▶ **Activity**
Word for word, print every entry below.

▶ **Available data**
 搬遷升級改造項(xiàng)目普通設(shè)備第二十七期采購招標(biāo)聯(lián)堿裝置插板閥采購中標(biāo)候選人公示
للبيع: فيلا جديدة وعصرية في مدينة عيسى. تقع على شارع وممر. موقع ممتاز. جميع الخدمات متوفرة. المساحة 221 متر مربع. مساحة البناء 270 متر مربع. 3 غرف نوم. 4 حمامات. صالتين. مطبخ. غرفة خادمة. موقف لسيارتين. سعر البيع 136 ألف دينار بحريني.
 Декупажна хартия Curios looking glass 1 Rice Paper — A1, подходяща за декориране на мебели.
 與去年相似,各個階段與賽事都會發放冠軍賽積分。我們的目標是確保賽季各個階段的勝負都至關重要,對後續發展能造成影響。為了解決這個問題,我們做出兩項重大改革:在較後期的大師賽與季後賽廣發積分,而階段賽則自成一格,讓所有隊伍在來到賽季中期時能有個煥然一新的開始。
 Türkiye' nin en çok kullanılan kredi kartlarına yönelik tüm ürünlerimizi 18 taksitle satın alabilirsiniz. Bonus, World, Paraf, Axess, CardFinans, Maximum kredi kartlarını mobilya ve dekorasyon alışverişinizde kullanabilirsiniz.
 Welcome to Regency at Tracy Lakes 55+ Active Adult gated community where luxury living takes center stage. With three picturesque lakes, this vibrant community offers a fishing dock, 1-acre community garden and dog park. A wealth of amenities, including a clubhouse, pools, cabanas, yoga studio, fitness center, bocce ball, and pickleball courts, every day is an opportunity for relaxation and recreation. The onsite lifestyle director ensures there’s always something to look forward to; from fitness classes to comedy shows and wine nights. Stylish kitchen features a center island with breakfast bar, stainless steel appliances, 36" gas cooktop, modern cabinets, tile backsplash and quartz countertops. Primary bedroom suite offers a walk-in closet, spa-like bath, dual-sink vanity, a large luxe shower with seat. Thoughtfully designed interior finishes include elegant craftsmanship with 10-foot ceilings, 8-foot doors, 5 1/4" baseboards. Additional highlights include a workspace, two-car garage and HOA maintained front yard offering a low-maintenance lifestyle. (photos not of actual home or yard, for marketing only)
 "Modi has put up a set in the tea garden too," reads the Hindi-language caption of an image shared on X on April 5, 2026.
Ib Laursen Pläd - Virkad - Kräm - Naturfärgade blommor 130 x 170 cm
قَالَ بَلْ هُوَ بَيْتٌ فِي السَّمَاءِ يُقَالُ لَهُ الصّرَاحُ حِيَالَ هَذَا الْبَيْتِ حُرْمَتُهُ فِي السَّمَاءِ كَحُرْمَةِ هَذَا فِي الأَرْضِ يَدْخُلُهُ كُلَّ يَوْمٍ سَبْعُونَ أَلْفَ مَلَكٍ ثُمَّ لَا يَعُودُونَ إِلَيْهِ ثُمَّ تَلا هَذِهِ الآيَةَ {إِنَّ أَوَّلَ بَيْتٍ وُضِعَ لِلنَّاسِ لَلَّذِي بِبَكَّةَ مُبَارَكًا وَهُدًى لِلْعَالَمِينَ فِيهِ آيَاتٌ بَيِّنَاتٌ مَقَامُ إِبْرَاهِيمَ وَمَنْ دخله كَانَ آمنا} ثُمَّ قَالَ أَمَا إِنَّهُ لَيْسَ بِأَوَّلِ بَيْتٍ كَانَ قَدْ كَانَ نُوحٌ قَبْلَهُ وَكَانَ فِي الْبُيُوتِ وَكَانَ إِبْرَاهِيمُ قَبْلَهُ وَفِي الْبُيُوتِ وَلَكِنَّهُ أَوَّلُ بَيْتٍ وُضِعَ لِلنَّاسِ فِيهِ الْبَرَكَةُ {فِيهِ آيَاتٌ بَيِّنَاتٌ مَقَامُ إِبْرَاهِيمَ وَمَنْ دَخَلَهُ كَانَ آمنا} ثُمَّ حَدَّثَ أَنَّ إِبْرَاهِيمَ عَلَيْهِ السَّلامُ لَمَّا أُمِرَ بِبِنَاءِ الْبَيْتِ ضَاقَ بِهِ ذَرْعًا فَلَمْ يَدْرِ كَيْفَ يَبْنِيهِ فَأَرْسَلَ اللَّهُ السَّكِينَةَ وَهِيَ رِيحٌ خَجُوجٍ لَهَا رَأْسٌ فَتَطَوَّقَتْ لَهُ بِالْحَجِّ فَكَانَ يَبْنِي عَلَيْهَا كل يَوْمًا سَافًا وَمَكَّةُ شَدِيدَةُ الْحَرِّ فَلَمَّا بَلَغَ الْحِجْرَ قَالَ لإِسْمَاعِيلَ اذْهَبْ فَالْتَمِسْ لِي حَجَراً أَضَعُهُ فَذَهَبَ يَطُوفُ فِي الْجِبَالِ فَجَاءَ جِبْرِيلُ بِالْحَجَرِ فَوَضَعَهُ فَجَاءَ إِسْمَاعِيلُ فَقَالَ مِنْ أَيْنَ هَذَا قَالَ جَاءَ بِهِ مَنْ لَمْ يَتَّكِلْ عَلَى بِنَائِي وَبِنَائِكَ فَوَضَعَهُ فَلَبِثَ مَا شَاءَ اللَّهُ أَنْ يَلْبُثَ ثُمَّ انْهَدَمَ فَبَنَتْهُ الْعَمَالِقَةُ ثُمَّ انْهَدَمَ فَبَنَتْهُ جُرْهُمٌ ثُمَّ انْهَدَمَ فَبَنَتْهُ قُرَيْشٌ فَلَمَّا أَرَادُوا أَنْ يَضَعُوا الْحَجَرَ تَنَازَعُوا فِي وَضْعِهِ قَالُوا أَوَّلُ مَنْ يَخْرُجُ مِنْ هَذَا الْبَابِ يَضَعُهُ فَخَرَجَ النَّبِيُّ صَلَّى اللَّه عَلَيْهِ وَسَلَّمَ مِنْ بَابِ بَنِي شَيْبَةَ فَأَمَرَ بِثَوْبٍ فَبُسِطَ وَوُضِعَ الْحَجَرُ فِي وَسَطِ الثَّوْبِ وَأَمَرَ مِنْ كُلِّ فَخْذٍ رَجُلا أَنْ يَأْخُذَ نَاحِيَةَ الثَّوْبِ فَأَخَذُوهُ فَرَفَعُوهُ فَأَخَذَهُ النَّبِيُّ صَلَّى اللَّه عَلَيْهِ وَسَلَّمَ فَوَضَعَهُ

▶ **Finished exercise**
 搬遷升級改造項(xiàng)目普通設(shè)備第二十七期采購招標(biāo)聯(lián)堿裝置插板閥采購中標(biāo)候選人公示
للبيع: فيلا جديدة وعصرية في مدينة عيسى. تقع على شارع وممر. موقع ممتاز. جميع الخدمات متوفرة. المساحة 221 متر مربع. مساحة البناء 270 متر مربع. 3 غرف نوم. 4 حمامات. صالتين. مطبخ. غرفة خادمة. موقف لسيارتين. سعر البيع 136 ألف دينار بحريني.
 Декупажна хартия Curios looking glass 1 Rice Paper — A1, подходяща за декориране на мебели.
 與去年相似,各個階段與賽事都會發放冠軍賽積分。我們的目標是確保賽季各個階段的勝負都至關重要,對後續發展能造成影響。為了解決這個問題,我們做出兩項重大改革:在較後期的大師賽與季後賽廣發積分,而階段賽則自成一格,讓所有隊伍在來到賽季中期時能有個煥然一新的開始。
 Türkiye' nin en çok kullanılan kredi kartlarına yönelik tüm ürünlerimizi 18 taksitle satın alabilirsiniz. Bonus, World, Paraf, Axess, CardFinans, Maximum kredi kartlarını mobilya ve dekorasyon alışverişinizde kullanabilirsiniz.
 Welcome to Regency at Tracy Lakes 55+ Active Adult gated community where luxury living takes center stage. With three picturesque lakes, this vibrant community offers a fishing dock, 1-acre community garden and dog park. A wealth of amenities, including a clubhouse, pools, cabanas, yoga studio, fitness center, bocce ball, and pickleball courts, every day is an opportunity for relaxation and recreation. The onsite lifestyle director ensures there’s always something to look forward to; from fitness classes to comedy shows and wine nights. Stylish kitchen features a center island with breakfast bar, stainless steel appliances, 36" gas cooktop, modern cabinets, tile backsplash and quartz countertops. Primary bedroom suite offers a walk-in closet, spa-like bath, dual-sink vanity, a large luxe shower with seat. Thoughtfully designed interior finishes include elegant craftsmanship with 10-foot ceilings, 8-foot doors, 5 1/4" baseboards. Additional highlights include a workspace, two-car garage and HOA maintained front yard offering a low-maintenance lifestyle. (photos not of actual home or yard, for marketing only)
 "Modi has put up a set in the tea garden too," reads the Hindi-language caption of an image shared on X on April 5, 2026.
Ib Laursen Pläd - Virkad - Kräm - Naturfärgade blommor 130 x 170 cm
قَالَ بَلْ هُوَ بَيْتٌ فِي السَّمَاءِ يُقَالُ لَهُ الصّرَاحُ حِيَالَ هَذَا الْبَيْتِ حُرْمَتُهُ فِي السَّمَاءِ كَحُرْمَةِ هَذَا فِي الأَرْضِ يَدْخُلُهُ كُلَّ يَوْمٍ سَبْعُونَ أَلْفَ مَلَكٍ ثُمَّ لَا يَعُودُونَ إِلَيْهِ ثُمَّ تَلا هَذِهِ الآيَةَ {إِنَّ أَوَّلَ بَيْتٍ وُضِعَ لِلنَّاسِ لَلَّذِي بِبَكَّةَ مُبَارَكًا وَهُدًى لِلْعَالَمِينَ فِيهِ آيَاتٌ بَيِّنَاتٌ مَقَامُ إِبْرَاهِيمَ وَمَنْ دخله كَانَ آمنا} ثُمَّ قَالَ أَمَا إِنَّهُ لَيْسَ بِأَوَّلِ بَيْتٍ كَانَ قَدْ كَانَ نُوحٌ قَبْلَهُ وَكَانَ فِي الْبُيُوتِ وَكَانَ إِبْرَاهِيمُ قَبْلَهُ وَفِي الْبُيُوتِ وَلَكِنَّهُ أَوَّلُ بَيْتٍ وُضِعَ لِلنَّاسِ فِيهِ الْبَرَكَةُ {فِيهِ آيَاتٌ بَيِّنَاتٌ مَقَامُ إِبْرَاهِيمَ وَمَنْ دَخَلَهُ كَانَ آمنا} ثُمَّ حَدَّثَ أَنَّ إِبْرَاهِيمَ عَلَيْهِ السَّلامُ لَمَّا أُمِرَ بِبِنَاءِ الْبَيْتِ ضَاقَ بِهِ ذَرْعًا فَلَمْ يَدْرِ كَيْفَ يَبْنِيهِ فَأَرْسَلَ اللَّهُ السَّكِينَةَ وَهِيَ رِيحٌ خَجُوجٍ لَهَا رَأْسٌ فَتَطَوَّقَتْ لَهُ بِالْحَجِّ فَكَانَ يَبْنِي عَلَيْهَا كل يَوْمًا سَافًا وَمَكَّةُ شَدِيدَةُ الْحَرِّ فَلَمَّا بَلَغَ الْحِجْرَ قَالَ لإِسْمَاعِيلَ اذْهَبْ فَالْتَمِسْ لِي حَجَراً أَضَعُهُ فَذَهَبَ يَطُوفُ فِي الْجِبَالِ فَجَاءَ جِبْرِيلُ بِالْحَجَرِ فَوَضَعَهُ فَجَاءَ إِسْمَاعِيلُ فَقَالَ مِنْ أَيْنَ هَذَا قَالَ جَاءَ بِهِ مَنْ لَمْ يَتَّكِلْ عَلَى بِنَائِي وَبِنَائِكَ فَوَضَعَهُ فَلَبِثَ مَا شَاءَ اللَّهُ أَنْ يَلْبُثَ ثُمَّ انْهَدَمَ فَبَنَتْهُ الْعَمَالِقَةُ ثُمَّ انْهَدَمَ فَبَنَتْهُ جُرْهُمٌ ثُمَّ انْهَدَمَ فَبَنَتْهُ قُرَيْشٌ فَلَمَّا أَرَادُوا أَنْ يَضَعُوا الْحَجَرَ تَنَازَعُوا فِي وَضْعِهِ قَالُوا أَوَّلُ مَنْ يَخْرُجُ مِنْ هَذَا الْبَابِ يَضَعُهُ فَخَرَجَ النَّبِيُّ صَلَّى اللَّه عَلَيْهِ وَسَلَّمَ مِنْ بَابِ بَنِي شَيْبَةَ فَأَمَرَ بِثَوْبٍ فَبُسِطَ وَوُضِعَ الْحَجَرُ فِي وَسَطِ الثَّوْبِ وَأَمَرَ مِنْ كُلِّ فَخْذٍ رَجُلا أَنْ يَأْخُذَ نَاحِيَةَ الثَّوْبِ فَأَخَذُوهُ فَرَفَعُوهُ فَأَخَذَهُ النَّبِيُّ صَلَّى اللَّه عَلَيْهِ وَسَلَّمَ فَوَضَعَهُ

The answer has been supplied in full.